‘Satisfactory’ I suppose is the way the interim result from Hills Industries should be best described.
It’s what the company said about the result and the outlook for the rest of the 2007 year.
Hills is a more complex beast these days: it’s no longer the maker of the iconic Hills Hoist: That’s still there but no longer the reason for its being.
After tax earnings up 12 per cent, a little faster than the 7.9 per cent rise at the pre-tax level and expectations of “satisfactory results for the full year.”
First half net came to $23.94 million, compared with $21.37 million for the previous interim period of 2006. This was after the rise in pre tax to $36.68 million from $34 million.
The latest result was struck on an 8.2 per cent rise in revenues to $511 million from $472 million. It was the first revenues had risen above half a billion dollars in an interim period.
Directors said the company “remained committed to its current dividend policy and would continue to pay around 100 per cent of it’s after tax profits to shareholders as interim and final dividends.”
To this end, Hills will pay an interim dividend of 13.5 cents per share, fully franked, compared to from 13 cents previously.
Earnings per share rose to 14c a share from 12.9c and the company said that the ration was kept as close to 100 per cent as possible.
CEO David Simmons said “Our policy hasn’t changed – we pay out around 100 per cent of earnings and in the last couple of years we’ve paid a little over 100 percent.
“If we’re within a point or two of 100 percent, plus or minus, we’re happy. It certainly shouldn’t be interpreted as any progressive reduction.”
And he said the company’s dividend re-investment program was being strongly supported by shareholders.
“We’ve had pretty consistent support of about 40 to 45 percent. The main reason is we’ve now got around 22,000 shareholders, whereas in the early days of the plan we had larger institutions, whose decision whether or not to reinvest could change the support level significantly.
“We’re relatively relaxed the plan will continue to get support.”

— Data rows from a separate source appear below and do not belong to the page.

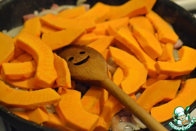 Добавить нарезанную тыкву. Жарить до полуготовности. Посолить и поперчить по вкусу.
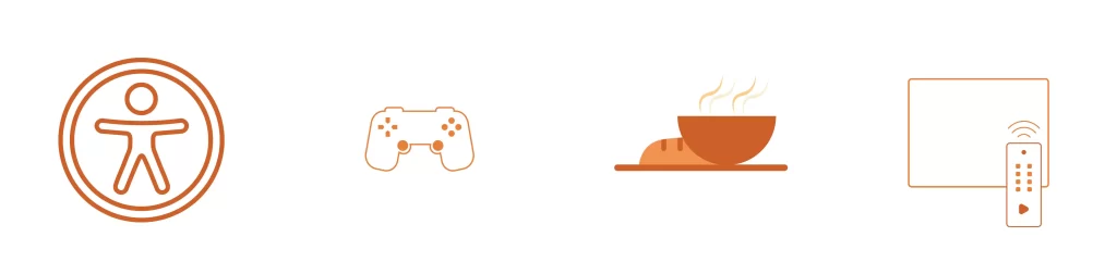 Televisão com canais por cabo, serviços de streaming e consola de jogos.
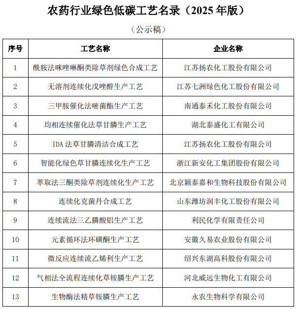 為響應(yīng)國家關(guān)于實現(xiàn)碳達峰和碳中和目標,貫徹落實《“十四·五”全國農(nóng)藥產(chǎn)業(yè)發(fā)展規(guī)劃》,推進實施《農(nóng)藥行業(yè)綠色提升行動計劃》,促進農(nóng)藥行業(yè)的綠色化、低碳化發(fā)展,中國農(nóng)藥工業(yè)協(xié)會將自2021年起授予的中國農(nóng)藥工業(yè)協(xié)會科學(xué)技術(shù)獎中,篩選符合綠色低碳要求的生產(chǎn)工藝,以期為行業(yè)的高質(zhì)量發(fā)展提供示范引領(lǐng)。經(jīng)研究,擬將“酰胺法咪唑啉酮類除草劑綠色合成工藝”“無溶劑連續(xù)化戊唑醇生產(chǎn)工藝”“三甲胺催化法嘧菌酯生產(chǎn)工藝”“均相連續(xù)催化法草甘膦生產(chǎn)工藝”“IDA法草甘膦清潔合成工藝”“智能化綠色草甘膦連續(xù)化生產(chǎn)工藝”“萃取法三酮類除草劑連續(xù)化生產(chǎn)工藝”“連續(xù)化克菌丹合成工藝”“連續(xù)流法三乙膦酸鋁生產(chǎn)工藝”“元素循環(huán)法環(huán)磺酮生產(chǎn)工藝”“微反應(yīng)連續(xù)流乙烯利生產(chǎn)工藝”“氣相法全流程連續(xù)化草銨膦生產(chǎn)工藝”“生物酶法精草銨膦生產(chǎn)工藝”等13項工藝列入《農(nóng)藥行業(yè)綠色低碳工藝名錄(2025年版)》?,F(xiàn)予以公示,公示期為2025年1月20日至1月26日。
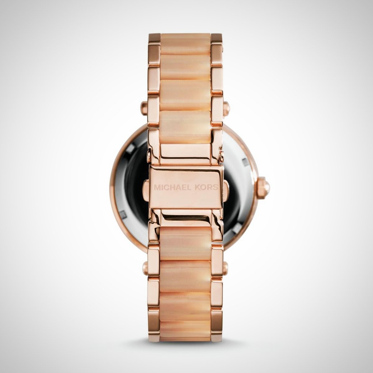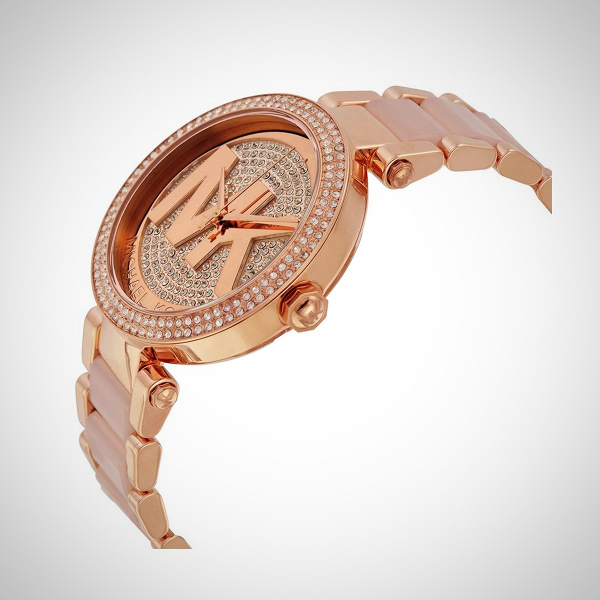 The MK6176 Parker Ladies’ Rose Watch features rose gold tone stainless steel case, rose gold tone stainless steel bracelet with blush acetate.
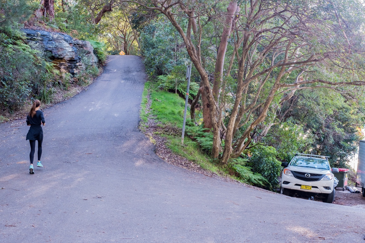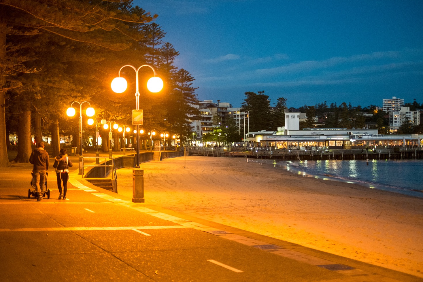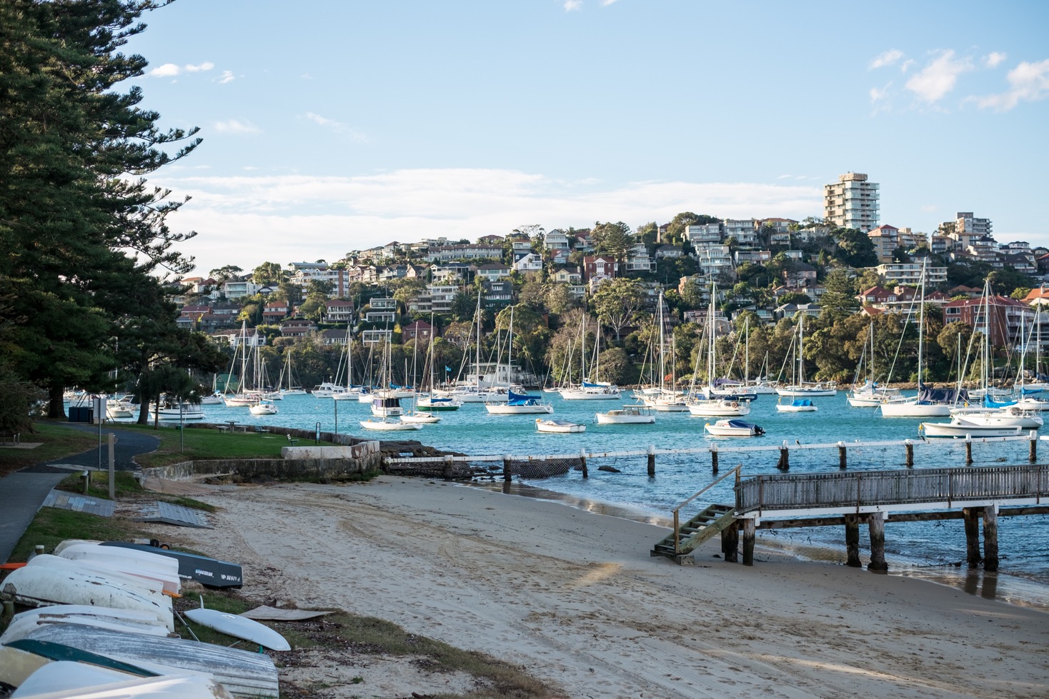 Je décide de quitter temporairement la « manly scenic walk », de traverser la ville et de récupérer le trajet de l’autre côté de celle-ci. Finalement, je n’ai jamais pu regagner le parcours de la marche. La portion de ville que nous devions traverser faisait plusieurs kilomètres mais je ne m’en étais pas rendue compte. Les rues sont toutes extrêmement pentues. Franck est obligé de me pousser dans les montées et de me retenir dans les descentes. Cela lui demande beaucoup d’efforts et nous sommes toujours très loin du tracé de la randonnée. Le soleil se couche. J’en ai marre. A ce moment là, je pense même à prendre un bus pour rentrer ou à commander un taxi. Pas de bus dans les parages et impossible d’appeler un taxi car nous n’avons pas de ligne téléphonique en Australie… Franck parvient à me remonter le moral et nous décidons de rejoindre une partie de la marche par laquelle nous sommes venus et de rentrer. Je vais mieux, nous rentrons donc tranquillement au port de Manly en repassant devant ces magnifiques plages et demeures. Quelle sacrée journée !

Hills operates in three areas: home and hardware, electronic security and entertainment and building and industrial products.
Its home, hardware and eco products division was the best performer with a 30 per cent rise in EBIT; the building and industrial products division saw EBIT rise 8.4 per cent; an EBIT in the electronic security and entertainment division rose by 7.6 per cent.
Mr Simmons told the Corporate file briefing on the ASX that in the first half “we experienced more of a cost-margin issue than any direct impact on consumer spending from interest rates.”
“Last year we had a lot of volatility in commodities from steel to oil-based products like plastics, which was very difficult to manage in terms of the short-term recovery of cost increases.
“In the first half, oil prices were actually down in comparison with six months before, albeit not dramatically, so our challenge was to drive down the inputs that have oil as their base. When commodity prices group, the increases come rapidly but when they come down, you’ve got to chase them.
“The other big issue has been transportation costs. We’ve had fuel surcharge levies applied across our businesses, and we’re working to make sure we get them aligned to where fuel prices are.
“Our business isn’t one that’s directly impacted by the vagaries of weather patterns but one potential risk to our earnings would be consumer confidence – it doesn’t take much to shake the level of confidence.
“Another risk is posed by the skills shortage, in that fabrication work associated with many of the major infrastructure projects could be done offshore and shipped in. It’s fabrication in Australia where we see opportunities, particularly in our Building and Industrial Products business.”